INTERVIEW – Tareq Oubrou, imam de Bordeaux, s’exprime dans le JDD après les attentats qui ont ensanglanté la capitale.
En tant que responsable religieux comment réagissez-vous aux massacres de vendredi à Paris?
Ma première réaction est celle d’un citoyen, et c’est l’effroi et la consternation qui m’assaillent. Ensuite, du point de vue religieux, la position de l’islam est très claire : ces meurtres appellent à une triple condamnation – éthique, juridique et théologique. Éthique parce qu’aucune morale ne donne l’autorisation de tuer des innocents. Juridique parce que ces actes ne respectent pas la guerre telle qu’elle est dictée dans la tradition musulmane. Théologique, enfin, parce que ces kamikazes sont persuadés qu’ils iront au paradis alors qu’ils risquent davantage de se retrouver en enfer.
Pensez-vous pouvoir être entendu sur ces questions aujourd’hui?

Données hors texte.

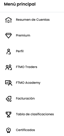 Estas son las dos principales opciones que tienes dentro de la plataforma de FTMO:
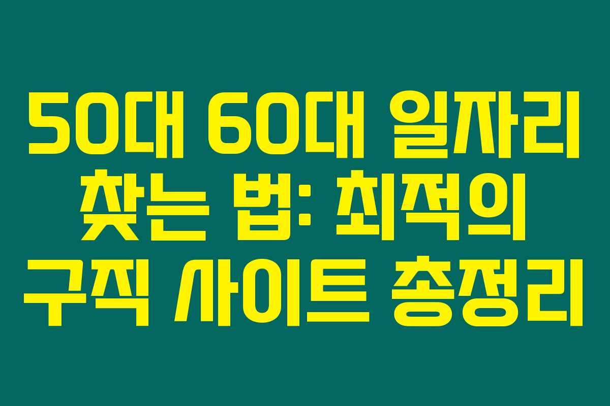 50대와 60대 분들이 일자리를 찾는 건 정말 쉽지 않지요? 은퇴 후에도 경제 활동을 계속하고자 하는 분들이 많지만 좋은 일자리 찾기가 여전히 어렵다고 하더라고요. 만약 이런 고민을 하고 계시다면, 아래의 유용한 구직 사이트 정보를 놓치지 마세요. 다양한 중장년층을 위한 전문 구직 사이트를 소개하며, 각 사이트의 특징과 장점도 자세히 설명할게요.
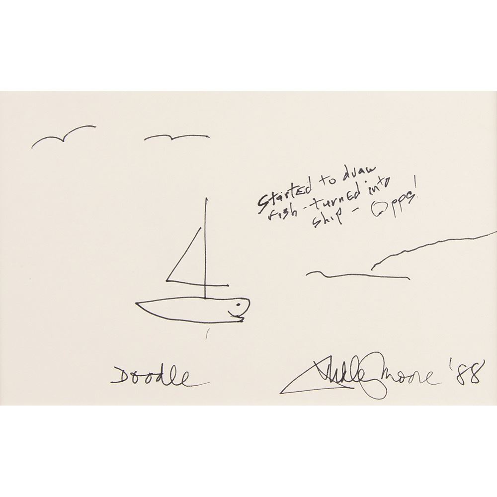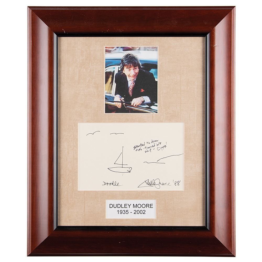 Original ink sketch of a fish-shaped boat accomplished by Moore on an off-white 7.5 x 4.75 sheet, signed in black felt tip, "Started to draw fish—turned into ship—Opps! Dudley Moore '88." Matted and framed with a portrait and caption to an overall size of 15 x 18. In very fine condition.
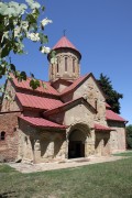 "Среди росписи особенно выделяется фреска нижней части северной стены, выполненная ок. 1207 г., где изображены царь Георгий III, его дочь св. царица Тамара и ее сын Георгий-Лаша, фланкированные фигурами двух святых воинов. Эта фреска была несколько раз переписана, однако современным реставраторам рентгеновским и ультрафиолетовым способом удалось воспроизвести первоначальный лик царицы, содержащий много портретных черт ее лица. Редки по иконографии фрески в окнах на сев. стене: "Иуда, получающий 30 сребреников", разделенная на 2 части сцена омовения ног, "Моление о Чаше", "Предательство Иуды", "Страждущий Петр", "Пилат, умывающий руки". Цикл Распятия обогащен историческими подробностями - сосуд для оцта, раздравшаяся завеса храма.
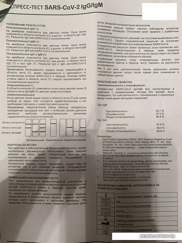 Но в белорусском Instagram-аккаунте говорят, что в России эти тесты используют повсеместно. Что странно, в реестре Росздравнадзора нет зарегистрированных тестов данного производителя. Нет их и в собранном французским министерством здравоохранения перечне, куда входит 102 наименования известных ныне экспресс-тестов на антитела к COVID-19.
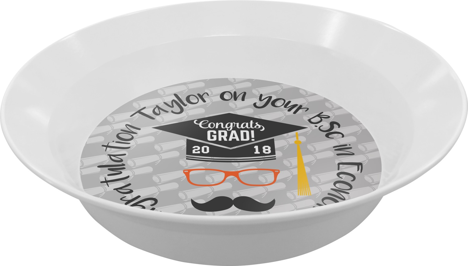 Our melamine dinnerware are BPA free, break-resistant, and dishwasher safe. Our first model has a more functional, standard look, and can hold up to 8 ounces of liquid. The second version we offer has a tapered edge and can hold up to 12 ounces of liquid. Both bowls display your customization on the base of the bowl's inside, and the exterior of the two models are both white.

Ces thèmes sont déjà engagés au niveau politique. Mais les réponses pour l’instant ne sont pas à la hauteur : elles ne s’attaquent qu’aux symptômes sans s’attaquer aux causes de la crise sociétale que nous traversons. Sur ce thème, il faut aussi aborder la responsabilité des imams et des responsables musulmans. Les institutions musulmanes doivent parler, se manifester. D’ailleurs, elles ont toutes fait des communiqués pour condamner ce qui s’est passé.
Est-ce suffisant?
C’est nécessaire mais pas suffisant. Les musulmans doivent aussi se manifester pour dire stop, pour dire qu’on n’accepte pas ces actions au nom de notre religion. Cela passe par la responsabilisation des musulmans en tant que citoyen. C’est ce que nous essayons de faire dans nos prêches et nos conférences. De ne pas rester dans la passivité, de participer aux débats. De ne pas laisser ces gens-là confisquer leur religion.